Saturday, 14 February 2015

The Tree Where Man Was Born


Today my delightfully witty tour client Liz Beal sent me these photos from our recent trip to Tanzania with her blessing to post them here.


All quotations are from
Peter Matthiessen
The Tree Where Man Was Born


I met no animals but the giraffe, a herd of eleven set about a glade, waiting for night. The giraffe were alert to my intrusion but in their polite way gave no sign that they had been disturbed.



All winter in the Serengeti damp scrawny calves and afterbirths are everywhere, and old or diseased animals fall in the night. Fat hyenas, having slaked their thirst, squat in the rain puddles, and gaping lions lie belly to the sun.






The gold cat eyes shimmer with hidden lights, eyes that see everything and betray nothing. When the lion is satisfied that the threat is past, the head is turned, as if ignoring it might speed the departure of an unwelcome and evil-smelling presence. In its torpor and detachment, the lion sometimes seems the dullest beast in Africa, but one has only to watch a file of lions setting off on the evening hunt to be awed anew by the power of this animal.


Until it is two, the cub is a dependent, and less than half of those born in the Serengeti survive the first year of life.



Yet for all their prosperity, there was an air of doom about the lions.
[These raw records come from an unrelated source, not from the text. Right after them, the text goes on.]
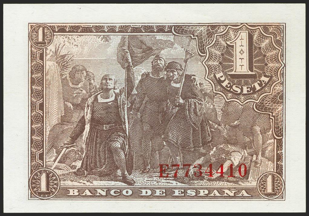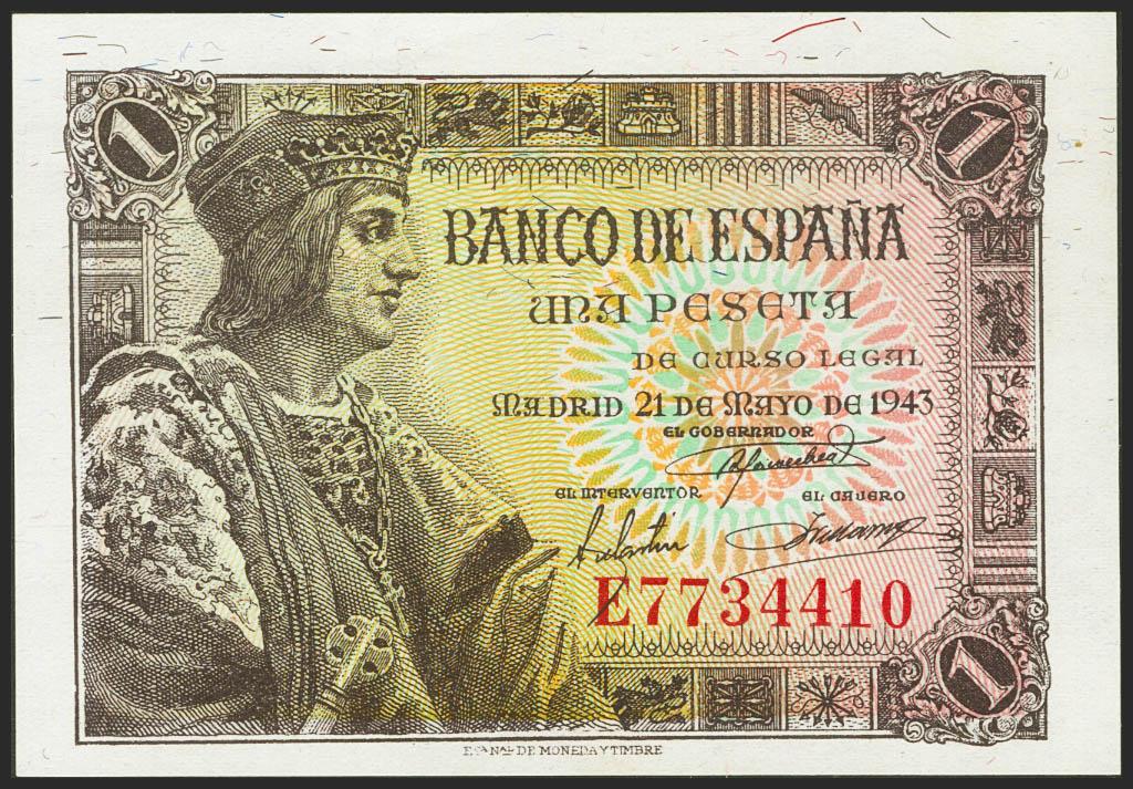 1 Peseta. 21 de Mayo de 1943. Serie E. (Edifil 2021: 447a). Apresto original. SC-.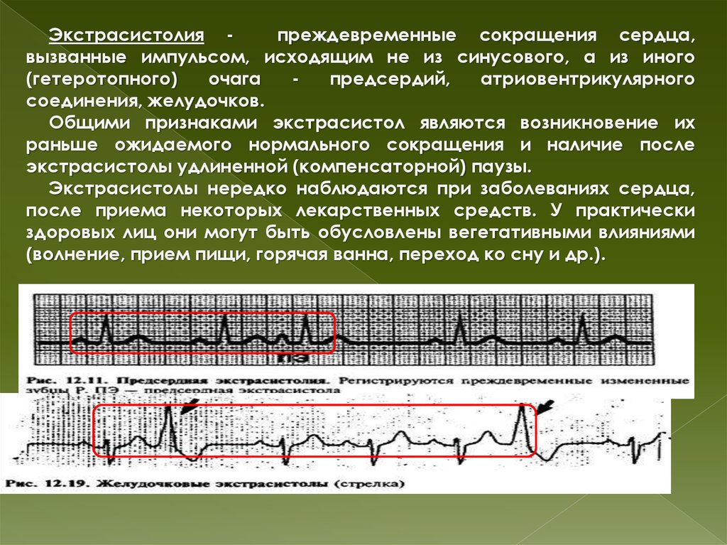 Экстрасистолия преждевременные сокращения сердца,вызванные импульсом, исходящим не из синусового, а из иного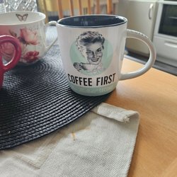 Två stengodsmuggar. Bly- och kadmiumsäker dekor och glasyr. Ugns- och mikrosäker. Tål maskindisk. 10x10 ca.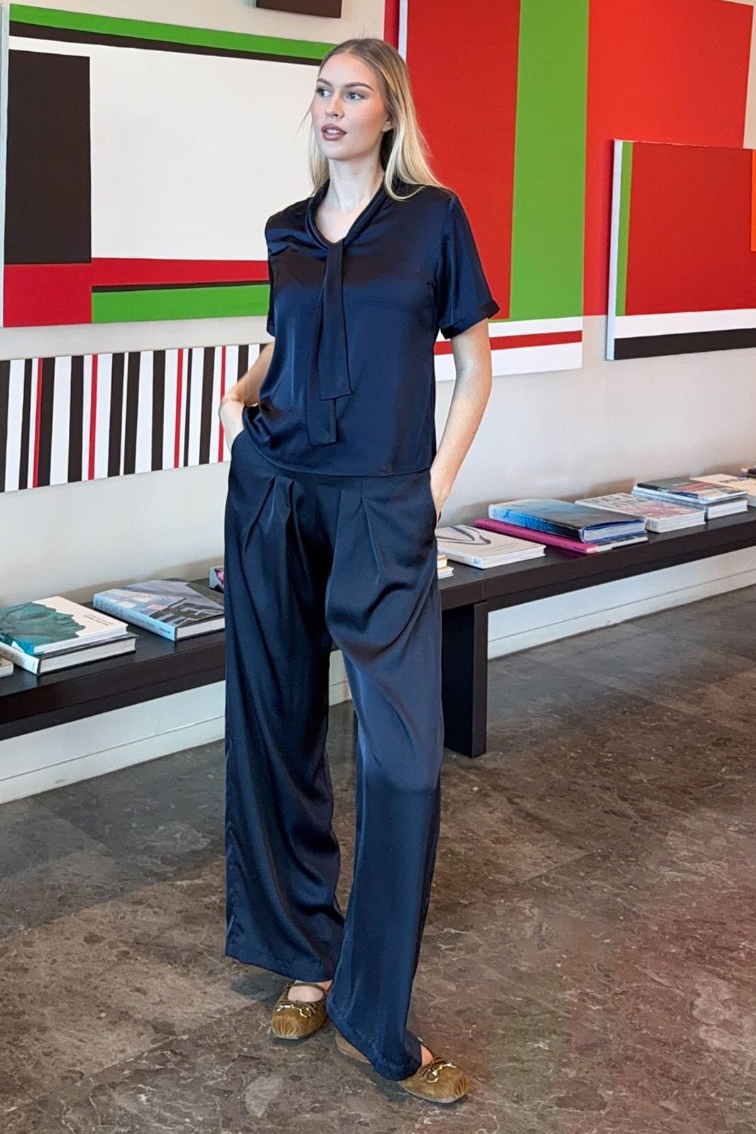 • Luźny krój z szerokimi nogawkami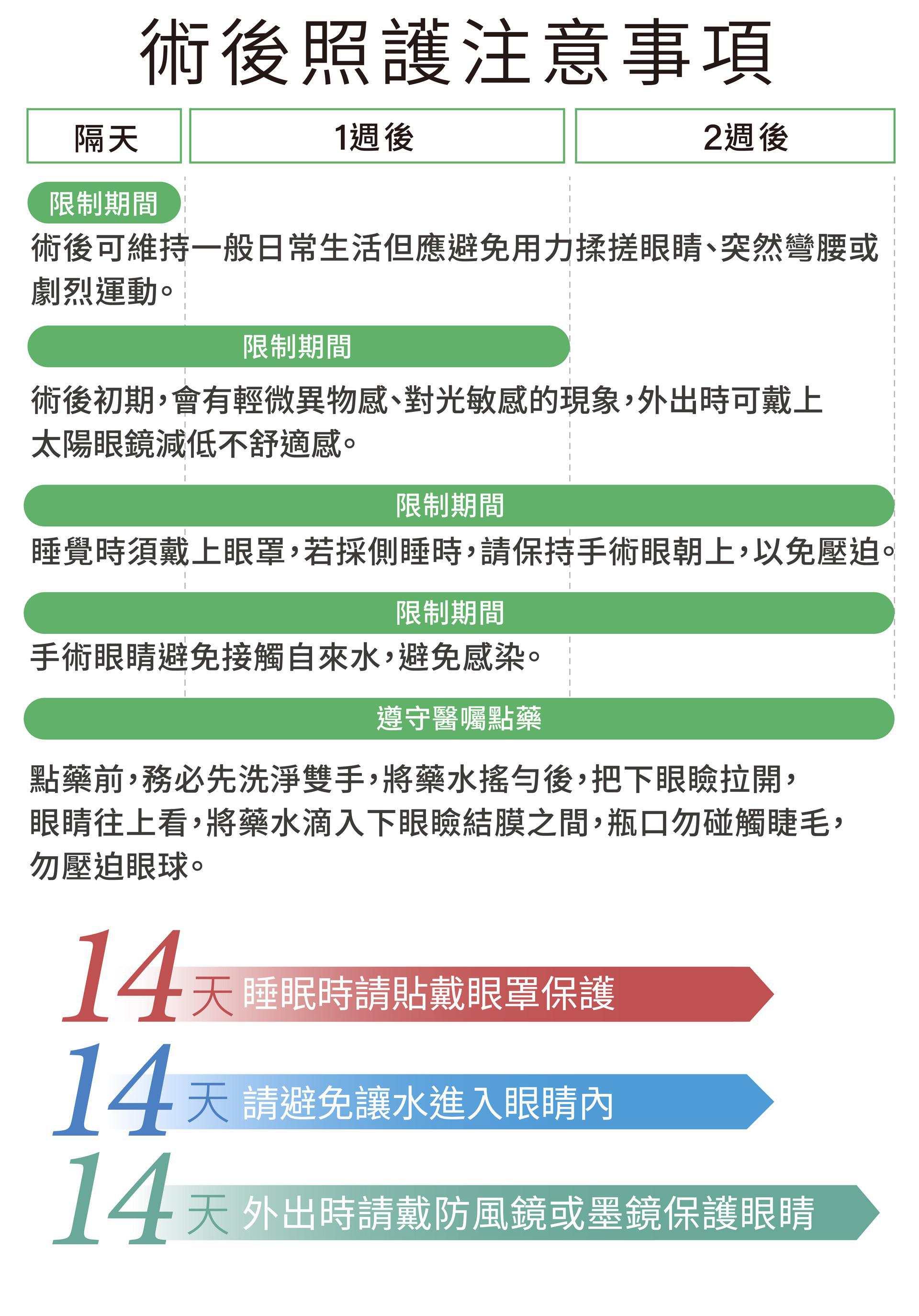 ▪︎ 術後可維持一般日常生活但應避免用力揉搓眼睛、突然彎腰或劇烈運動。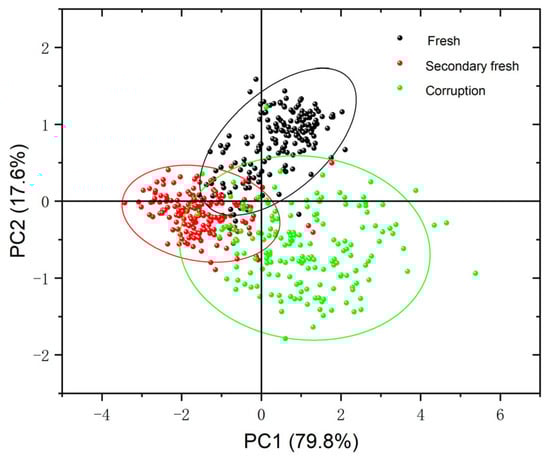 Before building the model, the raw spectral data were visualized and qualitatively clustered using PCA. Since the cumulative contribution of the first two principal components (PC1, PC2) reached 97.4%, with PC1 explaining 79.8% of the variance and PC2 explaining 17.6% of the variance, PC1 and PC2 were chosen to explain the clustering analysis of the chestnut spectral data. As shown in the scatter plot of PCA scores in Figure 5, the distribution of the three chestnut species can be effectively separated using confidence ellipses. There is a certain degree of overlap between fresh chestnuts and sub-fresh chestnuts, and a small overlap between sub-fresh chestnuts and rotten chestnuts, which may be caused by the different change rates of different chestnuts.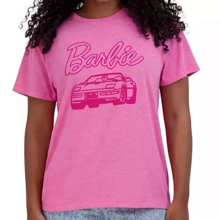 Mattel Barbie Graphic T Shirt Short Sleeve Car Velvet Print Tee pink Women’s XL - $9 - From Megan

The males, especially, seemed too big, and they walked too slowly between feast and famine, as if in some dim intuition that the time of the great predators was running out.


But the longing for Africa, once contracted, is an incurable condition which, like malaria, recurs again and again. It is not so much the need to see wild creatures – though their multitudes and sounds, their forms and colors, are endlessly exhilarating – as the need for our own renewal of that precious glimpse of the earth’s morning that stirred me so profoundly years ago.